Each cell becomes a graph node. Edges connect each cell to its 5 nearest neighbors in gene-expression space.

Step 2: GAT Classifier with Priority Weighting

from torch_geometric.nn import GATConv

class GATClassifier(nn.Module):
    def __init__(self, num_features, num_classes, priority_weight=2.0):
        super().__init__()
        self.conv1 = GATConv(num_features, 16, heads=8)
        self.conv2 = GATConv(16 * 8, num_classes, heads=1)
        self.priority_weight = priority_weight

    def forward(self, data):
        x, edge_index = data.x, data.edge_index

        # First GAT layer: project to 128 dimensions (16 × 8 heads)
        x, _ = self.conv1(x, edge_index, return_attention_weights=True)

        # Multiply rare-cell node features by priority_weight
        attention_boost = torch.ones(x.size(0), device=x.device)
        attention_boost[data.priority_nodes] += self.priority_weight
        x = x * attention_boost.unsqueeze(-1)

        x = torch.relu(x)

        # Second GAT layer: produce class logits
        x, attn_weights = self.conv2(x, edge_index, return_attention_weights=True)

        return x, attn_weights

Key innovation — priority weighting: Cells belonging to rare cell types (those with fewer than rare_threshold samples in config.py) receive an extra attention boost via self.priority_weight (default: 2.0). This ensures rare cells are not “averaged out” by abundant cells.

Step 3: Extract Seed Cells

After training the GAT classifier:

  1. Extract attention weights from the second GAT layer.

  2. Aggregate per-head attention into a single score per cell.

  3. Select the top \(k = \lambda \cdot n\) cells, where \(\lambda\) is the leakage fraction.
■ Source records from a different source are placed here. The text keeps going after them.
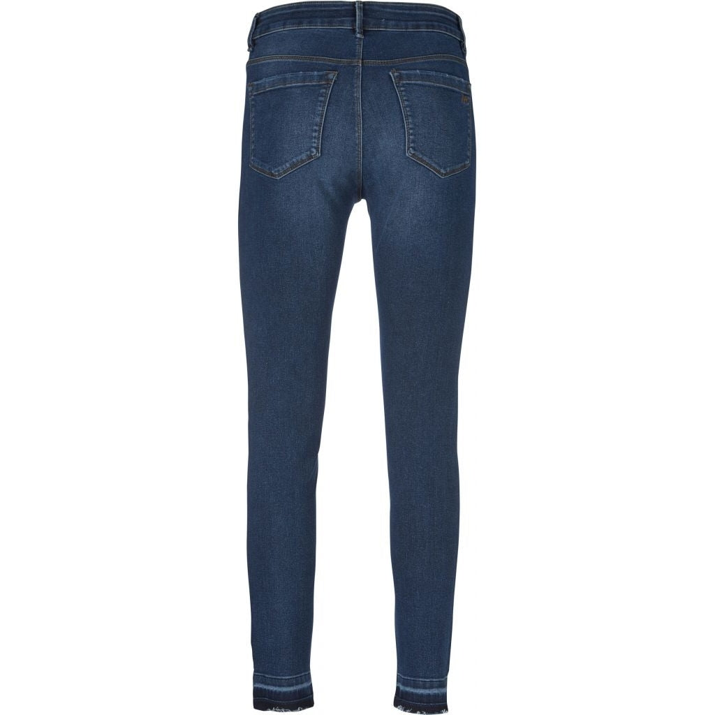 Lækre højtaljede bukser i en flot denim farve med både lommer foran og bagpå. Buksen har en fed trævle detalje i bunden af begge bukseben samt et stof med massere af stræk.
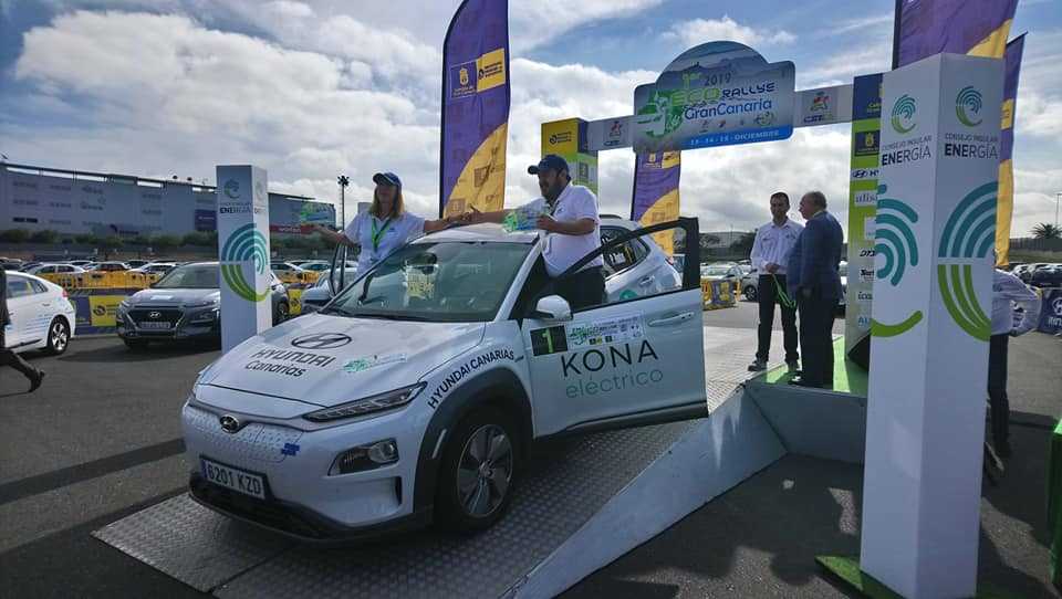 Los actuales campeones de España de Energías Alternativas de Vehículos Eléctricos, pareja formada por Txema Foronda y Pilar Rodas, de la escudería HYUNBISA (grupo ORTASA), a los mandos de un Hyundai Kona EV, se proclamaron Vencedores del primer ECO Rallye Isla de Gran Canaria de España de Energías Alternativas.
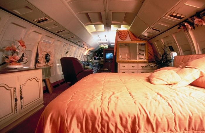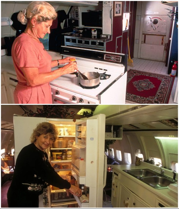 Убирать окна-иллюминаторы новая владелица не стала и теперь в ее резиденции целых 76 источников света в основной части авиалайнера, а еще есть огромные панорамные окна в кабине пилота. Из конструктивных элементов самолета остался один из санузлов, который продолжает выполнять функцию туалета. Также не изменились и верхние багажные отсеки, их очень удобно использовать в качестве встроенных систем хранения, ведь загромождать довольно ограниченное внутреннее пространство шкафами было не целесообразно.
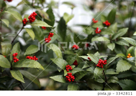 冬に咲く赤いセンリョウの実 (千両)冬、十二月
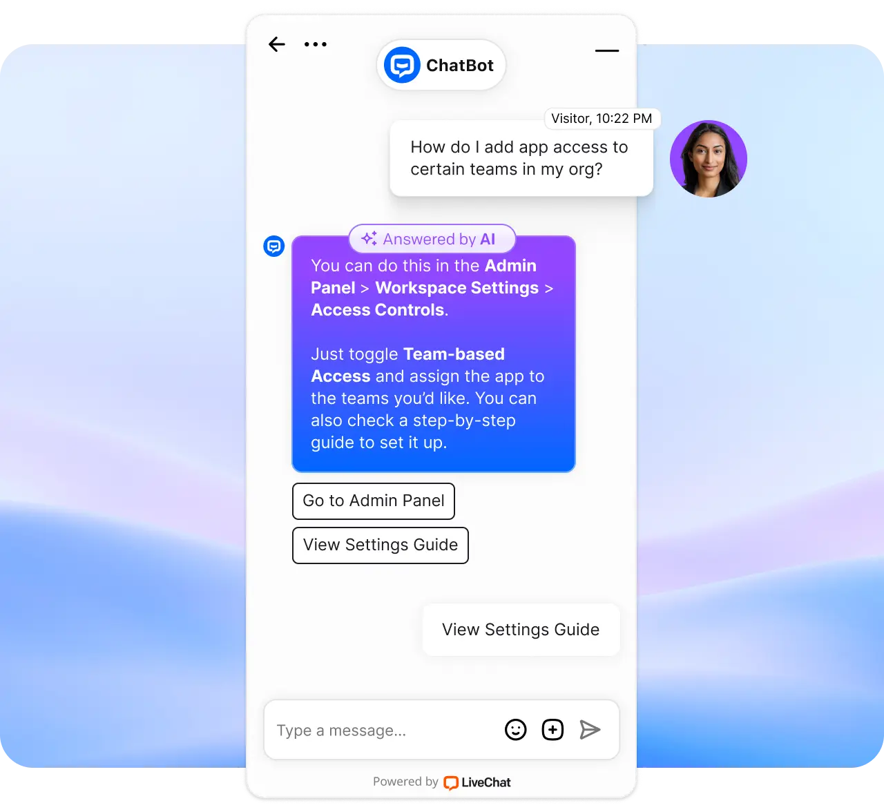 Complex issues are seamlessly handed to your team with full conversation context. Your customers never feel abandoned.
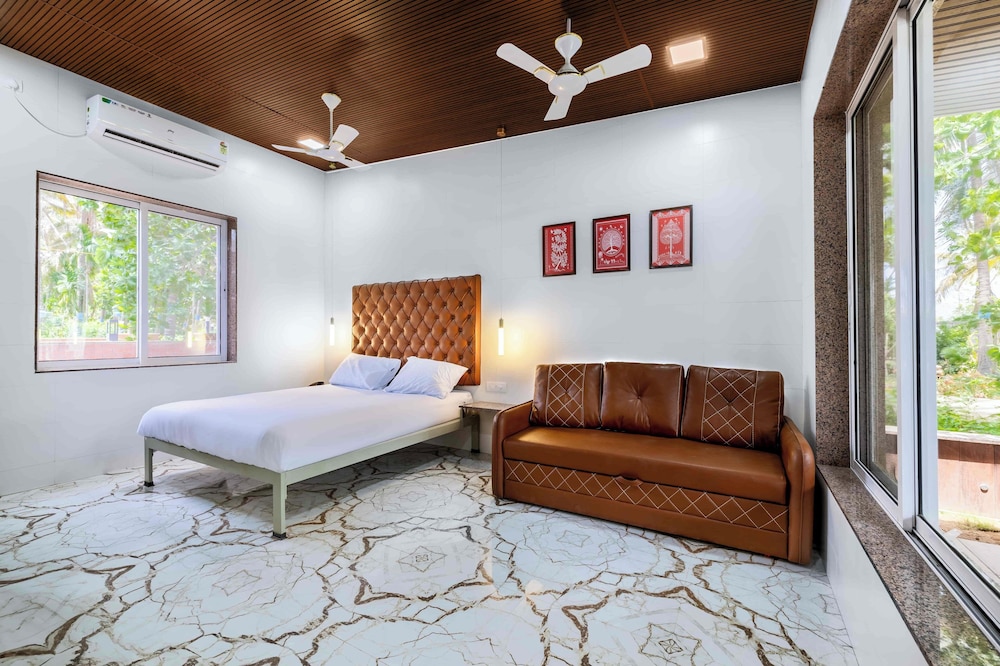 Book your retreat at Coco Bliss By Mauli Stays in Palghar for a relaxing getaway near popular attractions like Ram Temple and Shirgaon Beach.

These selected cells become the “seeds” that are fed to the GAN generator in Stage 2.


Full Implementation

See data_generation/garage.py for the complete GAT cell-selection implementation (gat_main() function). Key hyper-parameters in config.py:

Parameter

Default

Description

gat_epochs

7501

Number of GAT training iterations

priority_weight

2.0

Attention boost for rare cell types

leakage_fraction

0.2

Fraction of cells selected as seeds


References

  • Velickovic, P., et al. “Graph Attention Networks.” ICLR 2018.

  • Kipf, T. and Welling, M. “Semi-Supervised Classification with Graph Convolutional Networks.” ICLR 2017.